25 Exercise 9: Validation

25.1 Introduction

The hands-on exercise for this week focuses on validating text analysis techniques. We’ll focus on articles and data that we have already encountered in weeks past and investigate how the authors went about validating their findings.

In this tutorial, you will learn how to:

Manually review
Compare to reference data
Conduct tests for unsupervised approaches
Conduct tests for supervised approaches

25.2 Setup

Before proceeding, we’ll load the packages we will need for this tutorial.

library(ggplot2)
library(readr)
library(dplyr)
library(tidytext)
library(stringr)
library(quanteda) 
library(quanteda.textmodels) 
library(oolong) #for topic model validation tasks

25.3 Manual review

A first step in any text analysis technique should be to eyeball your data and the results of any analysis you carry out. This might not sound very formalized as an approach—and it isn’t—but it is what every good practitioner will find themselves doing at some stage.

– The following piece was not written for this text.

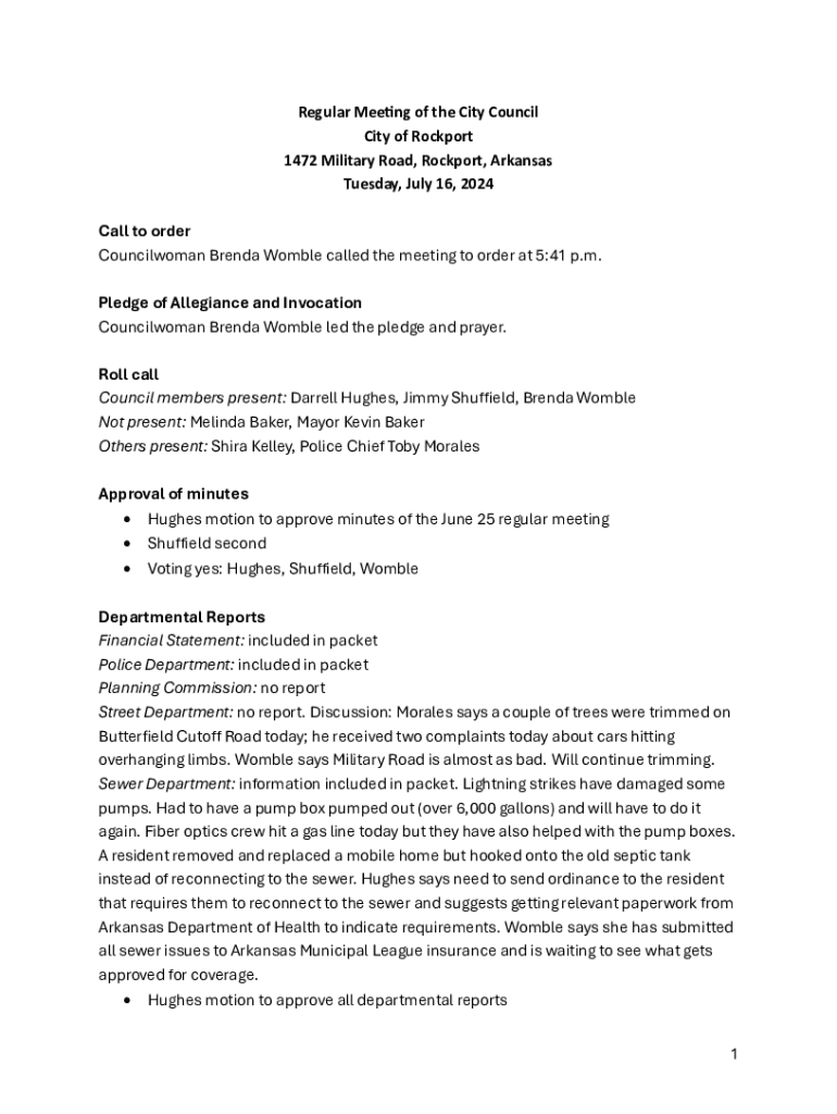 Regular Meeting of the City Council City of Rockport 1472 Military Road, Rockport, Arkansas Tuesday, July 16, 2024 Call to order Councilwoman Brenda Womble called the meeting to order at 5:41 p.m.

Some refer to this kind of check as a “sanity check.” What would such a check look like in practice?

Well, let’s take an example from the beginning of the course, where we looked at event descriptions from the Edinburgh International Book Festival.

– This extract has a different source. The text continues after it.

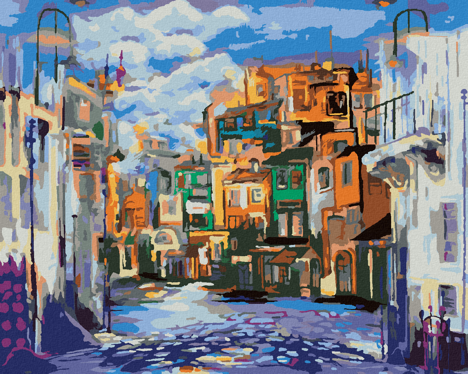 Malování podle čísel - NEPŘÍZNIVÉ POČASÍ V MALÉM MĚSTEČKU - 80x100 cm, bez rámu a bez vypnutí plátna

We’ll first read in this data.

edbfdata <- read_csv("data/wordfreq/edbookfestall.csv")

## New names:
## Rows: 5938 Columns: 12
## ── Column specification
## ───────────────────────────────────────── Delimiter: "," chr
## (8): festival_id, title, sub_title, artist, description, ... dbl
## (4): ...1, year, latitude, longitude
## ℹ Use `spec()` to retrieve the full column specification for
## this data. ℹ Specify the column types or set `show_col_types =
## FALSE` to quiet this message.
## • `` -> `...1`

As ever, if you’re working on this document from your own computer (“locally”) you can download the Edinburgh Fringe data in the following way:

edbfdata <- read_csv("https://raw.githubusercontent.com/cjbarrie/RDL-Ed/main/02-text-as-data/data/edbookfestall.csv")

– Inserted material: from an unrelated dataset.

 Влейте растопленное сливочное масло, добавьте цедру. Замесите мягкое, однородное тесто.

We’ll get the data into tidy format as before, tagging individual words for whether or not they appear in our dictionary of woman- and gender-related terms. One addition here is that we’re ascribing each event an individual ID, which will be useful in the next step.

evdes <- edbfdata %>%
  mutate(ID = paste0("EVENT",seq(1:nrow(edbfdata)))) %>%
  select(description, year, ID)

remove_reg <- c("&amp;","&lt;","&gt;","<p>", "</p>","&rsquo", "&lsquo;",  "&#39;", "<strong>", "</strong>", "rsquo", "em", "ndash", "nbsp", "lsquo", "strong", "<p>\n\t")

tidy_des <- evdes %>% 
  mutate(desc = tolower(description)) %>%
  unnest_tokens(word, desc) %>%
  filter(!word %in% remove_reg)

tidy_des$womword <- as.integer(grepl("women|feminist|feminism|gender|harassment|sexism|sexist", 
                                            x = tidy_des$word))

Now we can summarise which event IDs have one or more words that appear in our dictionary of reference terms.

tidy_agg <- tidy_des %>%
  group_by(ID) %>%
  summarise(womwords = sum(womword))

womarts <- tidy_agg %>%
  filter(womwords>=1) %>%
  pull(ID)

womdes <- evdes %>%
  filter(ID %in% womarts)

womdes$description <- gsub("<p>\n\t", "", womdes$description)

We can then inspect these. In this instance we have several hundred examples. This kind of number is amenable to manual inspection in full. If that number were larger, we might take a random sample of these articles and inspect this random subsample.

paged_table(womdes)

We can now easily inspect these articles and determine whether we are capturing our target concept of interest. Additionally, we may wish to add additional codes to these descriptions based on some qualitative coding procedure.

25.4 Reference comparison

25.4.1 Word scaling example

A second technique for determining the validity of data involves comparing to external data with which we might expect to see a close comparison—if our text-based measure is precisely estimated.

A good example of this comes from the week on scaling techniques. Here, the article by Kaneko, Asano, and Miwa (2021) took editorial texts from newspapers to determine whether we could estimate the ideological outlook of these newspapers. In order to determine whether these measures are accurate, however, we need to compare them to some reference data.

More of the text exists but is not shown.